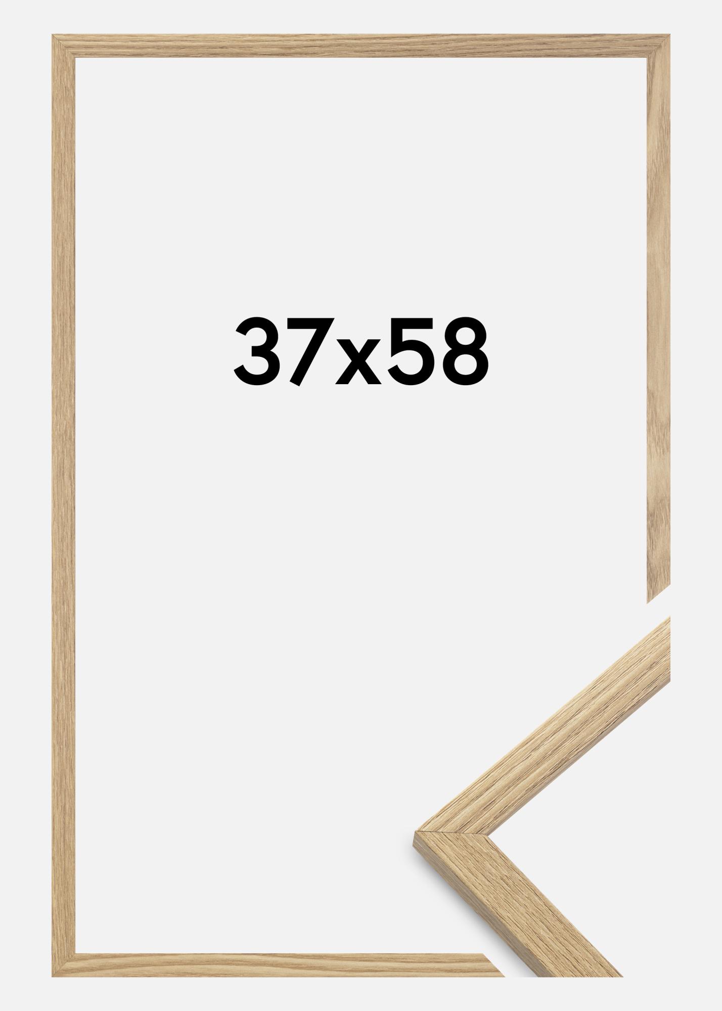 Rama este realizată din MDF cu o suprafață de culoare stejar și are un profil subțire de 14 mm. Există mult spațiu pentru a completa imaginile tale cu un passepartout de lux, datorită adâncimii interioare a ramei (adâncimea fantei) de 12 mm.
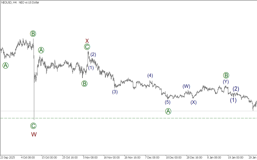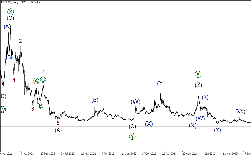 На дневном графике NEOUSD представлена разметка крупного коррекционного тренда. Предположительно, формируется тройной зигзаг [W]-[X]-[Y]-[X]-[Z]. Первые четыре части данной конструкции полностью завершены. В стадии развития последняя действующая волна [Z], она тоже похожа на тройной зигзаг (W)-(X)-(Y)-(XX)-(Z) меньшего волнового уровня.
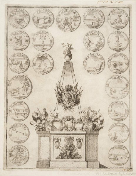 Так называемая Гренгамская пирамида была построена на Троицкой площади в Петербурге по случаю торжества в честь победы в морском сражении при Гренгаме. Она представляла собой обелиск с аллегорическими фигурами и атрибутами‚ а также с картинами, символизирующими победу русского оружия. На гравюре эти картины размещены вокруг пирамиды. Елена Мишина // Санкт-Петербург: Портрет города и горожан. СПб, 2003. С. 37.
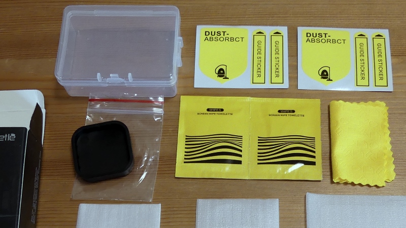 箱を開けてみると、保護フィルム貼りに失敗したとき用の予備以外に、レンズ拭き用のミニタオル2枚、細かいホコリを取るシール、ウェットワイプ2枚、そしてメインカメラのレンズキャップも付いていました。
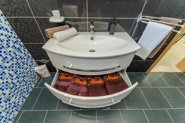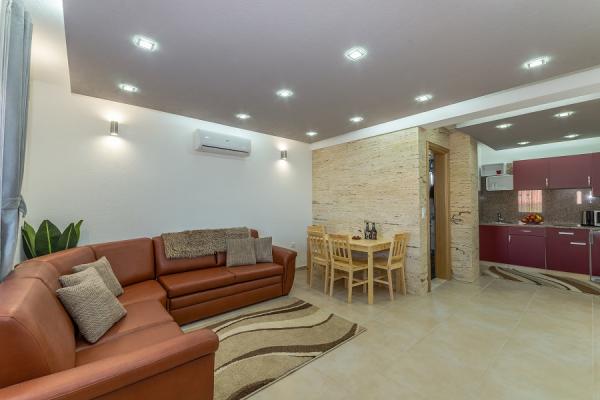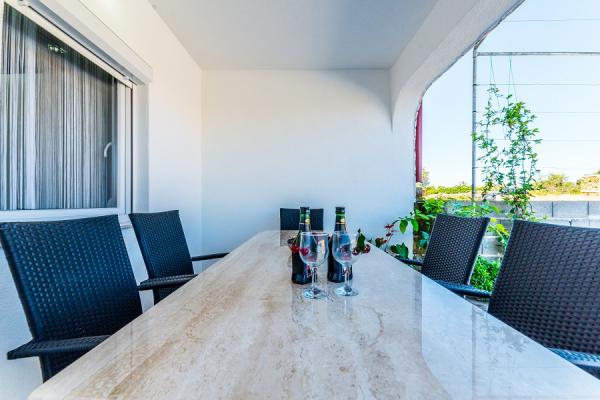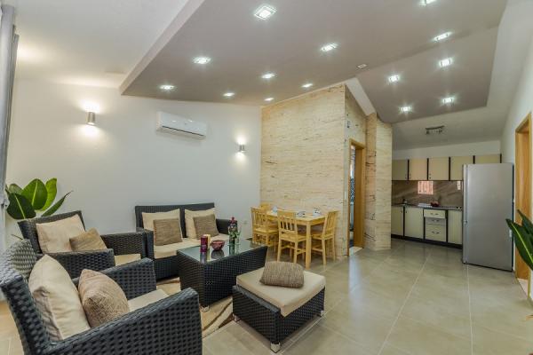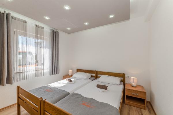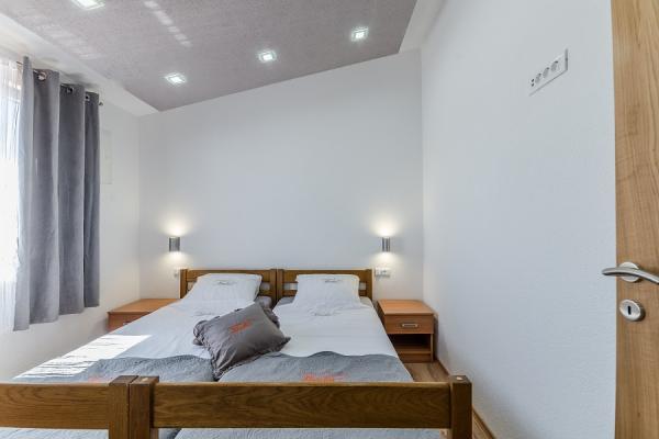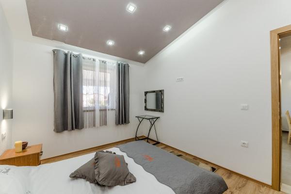 Apartments ALLADIN, are spacious and modern facilities in a quiet djijelu island of Vir. They consist of two bedrooms, kitchen, living room, bathroom and terrace. Distance from the sea 150m, in the courtyard of the parking places, grill and trampoline for our youngest guests. ALLADIN Apartment A1 is located on the ground floor and apartment Aladin A2 is on the floor.

----

When copying from the data above, begin at the line containing "Так называемая Гренгамская" and end at the line containing "箱を開けてみると、保護フィル"; return those lines exactly and leave all pictures behind.

_Task output:_
 Так называемая Гренгамская пирамида была построена на Троицкой площади в Петербурге по случаю торжества в честь победы в морском сражении при Гренгаме. Она представляла собой обелиск с аллегорическими фигурами и атрибутами‚ а также с картинами, символизирующими победу русского оружия. На гравюре эти картины размещены вокруг пирамиды. Елена Мишина // Санкт-Петербург: Портрет города и горожан. СПб, 2003. С. 37.
 箱を開けてみると、保護フィルム貼りに失敗したとき用の予備以外に、レンズ拭き用のミニタオル2枚、細かいホコリを取るシール、ウェットワイプ2枚、そしてメインカメラのレンズキャップも付いていました。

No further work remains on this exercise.